__WHAT THE TASK REQUIRES__
Only lines that contain the word "area" belong in the answer; copy them from the records below.

__RECORDS TO PROCESS__
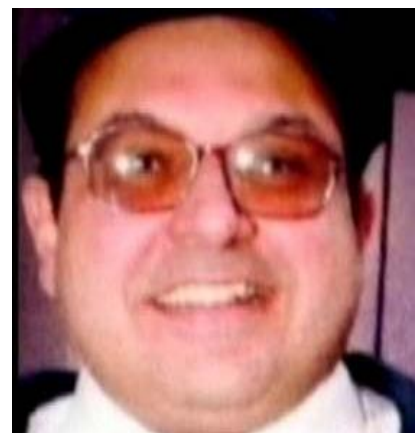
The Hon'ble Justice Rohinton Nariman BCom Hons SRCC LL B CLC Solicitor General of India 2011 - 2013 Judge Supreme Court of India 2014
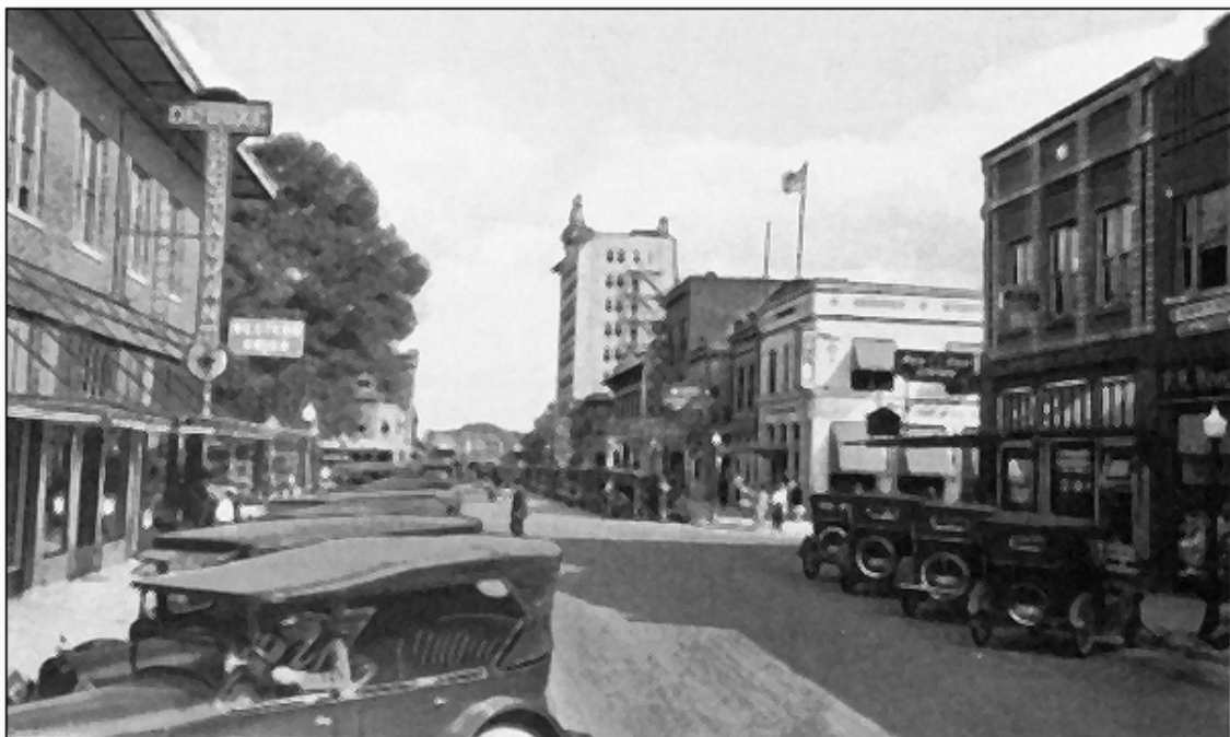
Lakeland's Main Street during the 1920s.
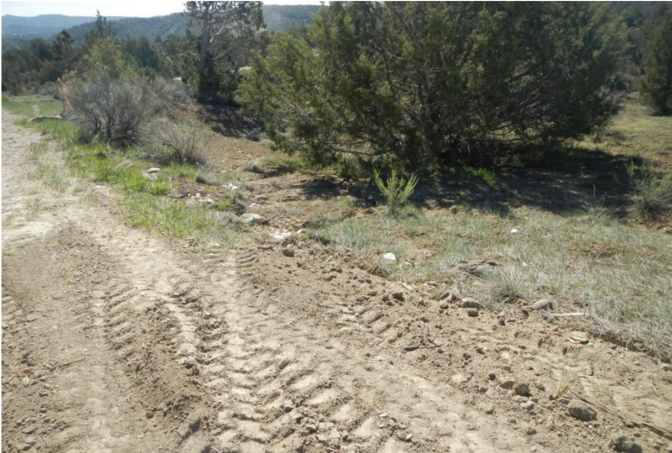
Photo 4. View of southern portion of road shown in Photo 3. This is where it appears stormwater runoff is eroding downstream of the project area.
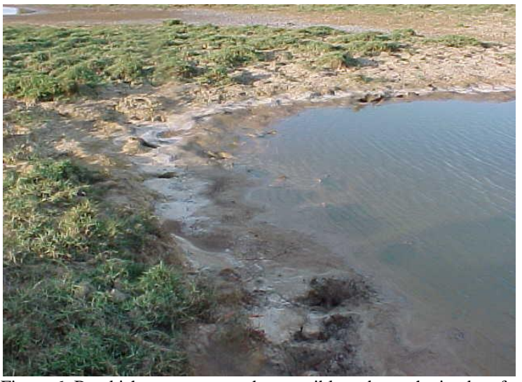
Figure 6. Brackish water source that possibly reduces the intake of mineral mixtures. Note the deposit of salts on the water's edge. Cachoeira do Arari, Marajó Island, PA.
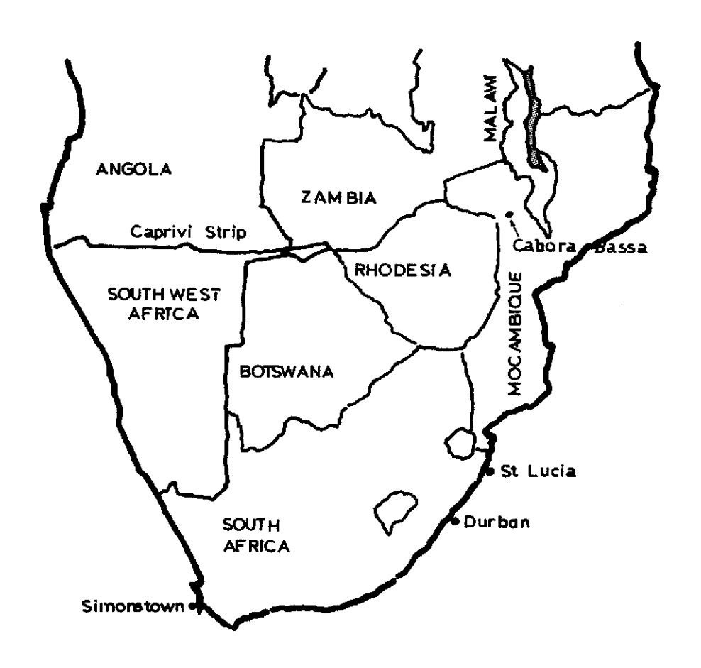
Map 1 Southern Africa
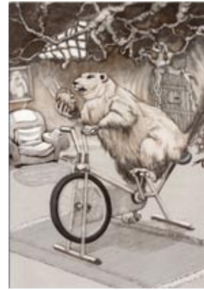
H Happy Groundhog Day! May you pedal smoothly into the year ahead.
---
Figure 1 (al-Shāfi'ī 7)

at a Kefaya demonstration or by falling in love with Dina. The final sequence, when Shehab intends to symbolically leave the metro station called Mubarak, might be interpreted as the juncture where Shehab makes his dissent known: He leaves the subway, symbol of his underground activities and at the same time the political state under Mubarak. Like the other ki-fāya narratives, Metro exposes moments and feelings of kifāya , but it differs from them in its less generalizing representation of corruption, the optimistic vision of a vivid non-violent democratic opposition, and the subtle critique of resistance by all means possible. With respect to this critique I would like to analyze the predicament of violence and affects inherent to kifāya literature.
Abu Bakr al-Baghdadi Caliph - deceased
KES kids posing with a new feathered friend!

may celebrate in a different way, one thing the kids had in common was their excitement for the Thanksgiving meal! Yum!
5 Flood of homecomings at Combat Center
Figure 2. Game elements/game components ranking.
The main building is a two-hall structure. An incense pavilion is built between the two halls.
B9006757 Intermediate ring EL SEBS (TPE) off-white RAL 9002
* * *
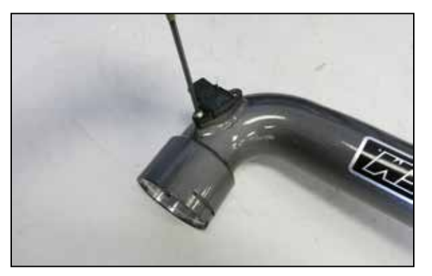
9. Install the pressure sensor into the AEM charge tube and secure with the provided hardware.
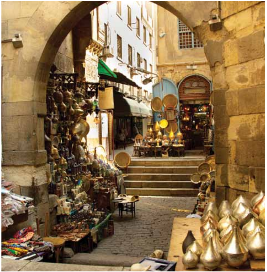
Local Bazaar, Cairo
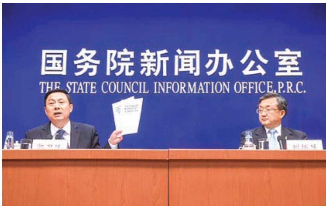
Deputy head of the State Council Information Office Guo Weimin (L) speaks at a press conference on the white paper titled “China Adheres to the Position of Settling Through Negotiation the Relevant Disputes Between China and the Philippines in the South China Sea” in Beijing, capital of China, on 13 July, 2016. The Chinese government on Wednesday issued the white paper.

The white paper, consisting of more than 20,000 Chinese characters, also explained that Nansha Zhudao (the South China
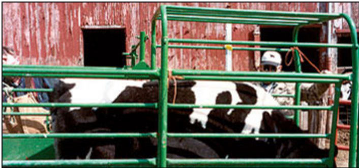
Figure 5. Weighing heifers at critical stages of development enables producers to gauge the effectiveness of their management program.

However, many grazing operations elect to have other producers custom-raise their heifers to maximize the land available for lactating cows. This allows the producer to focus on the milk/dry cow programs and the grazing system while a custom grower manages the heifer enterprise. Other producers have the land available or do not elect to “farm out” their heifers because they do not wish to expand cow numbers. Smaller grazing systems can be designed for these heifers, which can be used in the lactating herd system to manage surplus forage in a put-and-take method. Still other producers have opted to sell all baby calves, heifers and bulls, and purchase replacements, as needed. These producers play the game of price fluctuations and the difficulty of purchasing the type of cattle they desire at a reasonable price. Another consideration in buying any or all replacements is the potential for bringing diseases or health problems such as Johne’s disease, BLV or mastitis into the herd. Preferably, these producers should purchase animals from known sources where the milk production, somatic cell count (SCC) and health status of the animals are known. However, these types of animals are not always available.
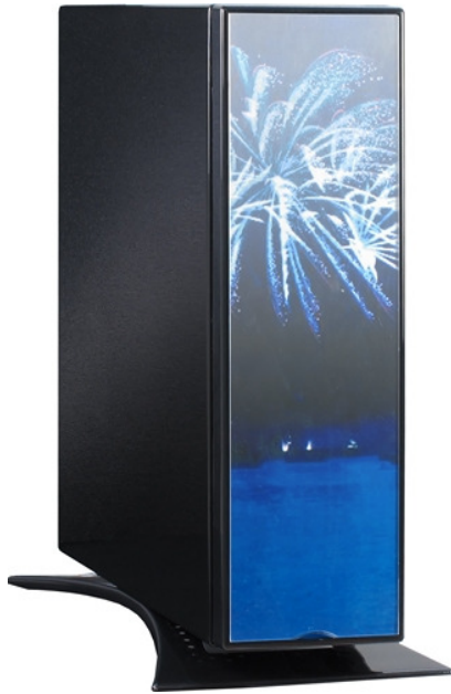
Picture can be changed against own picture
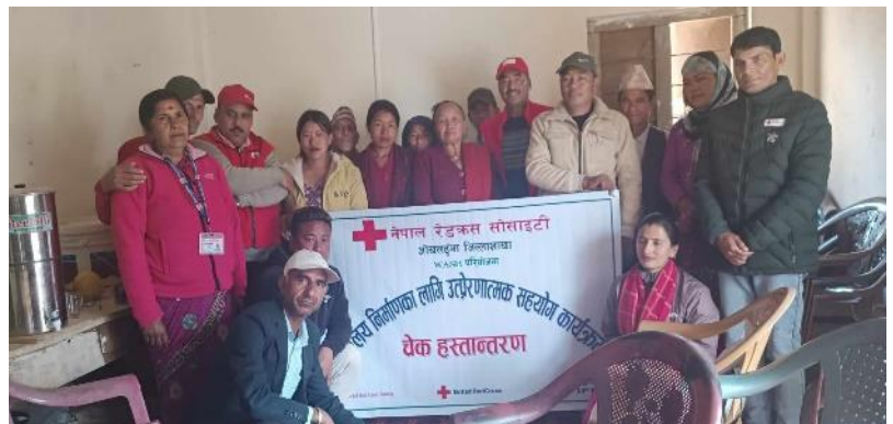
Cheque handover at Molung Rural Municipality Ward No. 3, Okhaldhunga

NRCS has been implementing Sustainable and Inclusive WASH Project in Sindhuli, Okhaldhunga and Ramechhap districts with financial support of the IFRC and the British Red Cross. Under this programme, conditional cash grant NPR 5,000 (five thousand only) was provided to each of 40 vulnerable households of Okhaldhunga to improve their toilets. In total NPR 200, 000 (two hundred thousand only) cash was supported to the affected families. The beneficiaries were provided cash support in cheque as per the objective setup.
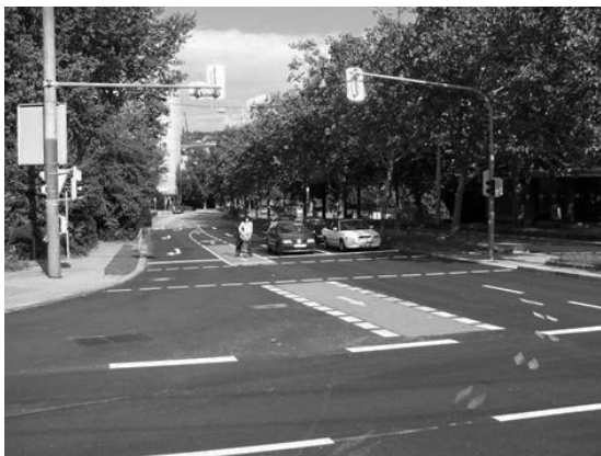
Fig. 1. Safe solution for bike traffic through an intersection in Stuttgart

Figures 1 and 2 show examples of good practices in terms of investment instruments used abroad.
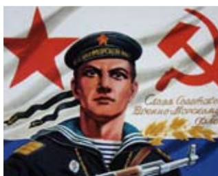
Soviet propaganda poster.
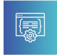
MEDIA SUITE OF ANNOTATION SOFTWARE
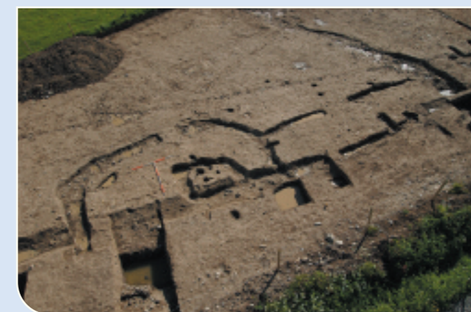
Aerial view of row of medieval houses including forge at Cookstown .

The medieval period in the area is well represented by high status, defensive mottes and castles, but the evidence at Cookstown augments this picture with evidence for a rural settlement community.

__FINAL ANSWER__
Photo 4. View of southern portion of road shown in Photo 3. This is where it appears stormwater runoff is eroding downstream of the project area.
The medieval period in the area is well represented by high status, defensive mottes and castles, but the evidence at Cookstown augments this picture with evidence for a rural settlement community.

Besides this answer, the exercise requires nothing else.